И забормотал в огорчении:
— Ну да… там табе вароты пирагами закрываюцца…
— Я, знаете ли, сам был долго вдали от России, — промолвил Лебединский. — Один среди чужого народа… Нет, он непременно вернется!
— Вось дык было б радасци! — оживился Нил Евграфович. — Ведь только старики понимают, что сын — продолжение твое, и опора твоя, и вечная жизнь твоя в этом нетленном смертном мире. Однако вот что препона: бушует вокруг война, сжигая живое, разобщая людей.
Вздохнул.
— Ну, на няма и суду няма. Будем плыць на цячэнню…
Разговор сам собой перескочил на минувшую мировую бойню. Стадницкий сообщил, что читал, кажется, в «Ниве»: немцы израсходовали за один лишь год войны тридцать миллиардов патронов. По десять тысяч выстрелов на каждую винтовку! А русские что же? Столько же небось. И прочие империи не меньше.
— И в кого палим? — сокрушался старик. — В цвет наций, в силу их, в красоту, в будущее. Не богу сдаем, а дьяволу кровавый экзамен!
Внезапно Нил Евграфович рассердился, покраснел, сказал с несвойственным ему ожесточением:
— Послал нам бог напоследок царя! Дурань дурнем! Во всем царствующем доме не сыскалось даже намека на Грозного или Петра. Одни Павлы!
Добавил, усмехаясь:
— Попалась мне как-то книжечка августейшего поэта, великого князя Константина Константиновича. Названа поистине с царской щедростью — «Жемчужины духовной поэзии». А что под обложкой? «Притча о десяти девах», «Когда креста нести нет мочи», «Легенда про мертвое море». Любитель словесности, отважившийся заглянуть в сборник, обнаружит там вполне посредственные строки, то есть банальные мысли, изложенные в соответствующей им форме.
Книжка вышла в шестнадцатом году, следовательно, в разгар мировой войны и в канун двух революций. Разумеется, царствующему дому нельзя запретить версификацию. Но было бы лучше, если бы каждый занимался своим делом, и Романовы думали не о поэзии, а о позоре распутинщины и казнокрадства.
Неожиданно Стадницкий замолчал, ибо открылась дверь флигеля, и в комнату вошел Филипп Егорович, вернувшийся из Зареченской церкви.
Кожемякин перекрестился в переднем углу на иконы, а сел скромно, на лавку у печного угла, и сложил на коленях тяжелые мосластые руки мужика.
Сначала он чувствовал себя смутно в присутствии хорошо одетого и чопорного — так поблазнилось — господина.
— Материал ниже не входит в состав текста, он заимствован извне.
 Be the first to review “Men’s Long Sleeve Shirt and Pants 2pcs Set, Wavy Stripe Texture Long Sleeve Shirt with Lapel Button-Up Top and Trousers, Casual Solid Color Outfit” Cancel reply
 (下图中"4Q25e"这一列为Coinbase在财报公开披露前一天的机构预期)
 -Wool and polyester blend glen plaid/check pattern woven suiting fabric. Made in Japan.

Однако эта неуютность быстро прошла, как только дворник понял, что Нил Евграфович нисколько не кичится своим положением, а напротив, оба старика единомышленники — верят в бога, презирают войну, считают ее позором человечества, исчадием ада и все такое прочее.
Филипп Егорович вскоре разговорился, то есть иногда вставлял в беседу слово или высказывал мнение.
— Насколько я знаю, — заметил Нил Евграфович, — вы, господин Лебединский, немало пожили в окопах. Бяда гэта. Кусок свинца вылетает из винтовки со скоростью две тысячи футов в секунду. Будто каленый багровый прут вонзается в твое тело — и ты валишься навзничь на землю, созданную богом для счастья. О, господи, как страшно! Вот ты — молодой, сильный, желающий радости, бежишь не по воле своей — и удар, и нет тебя, нигде нет, и даже понять самому нельзя, что нет, ибо как понять, когда нет, когда ничто ты и тьма ты в этом черном адском огне!
Лебединский не мог отказать себе в праве на шутку.
— Вы забываете о рае, Нил Евграфович.
Старик вздохнул, и на губах его появилась улыбка смущения.